Growth defects are common in people with CF and have been blamed, in part, on low levels of the growth-promoting hormone called insulin-like growth factor 1 (IGF1).
Traditionally, the malnutrition and lung inflammation that accompany CF have been blamed for the decreased levels of IGF1. However, even patients who are relatively healthy often do not reach their full growth potential, and newborns with CF often are smaller at birth than healthy babies.

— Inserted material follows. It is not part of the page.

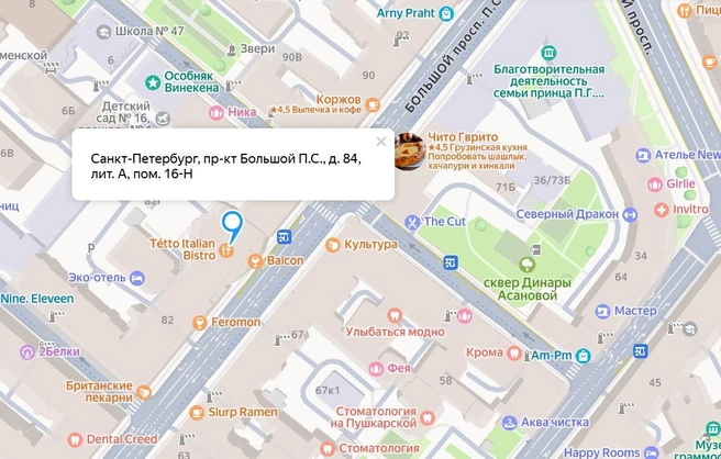 8. Итальянская улица угол с Грибоедова. Очень туристическое место. Точка стоит в немного странном месте, но мы отправились ее искать.

To investigate the relationship between neonatal IGF1 levels and growth patterns in CF, the research team studied newborn pigs with a CF-causing gene mutation. This animal model, which was generated by the UI researchers and colleagues at the University of Missouri in 2008, has many of the same symptoms and complications that are seen in humans with CF.
"By examining IGF1 at this time point, we eliminated consequences of lung inflammation, which is absent at birth, and malnutrition, because nutrition in utero is provided by the mother," explained Leah Reznikov, UI postdoctoral fellow in internal medicine and co-first author of the study.
"We found that IGF1 levels were significantly reduced at birth in CF newborn pigs."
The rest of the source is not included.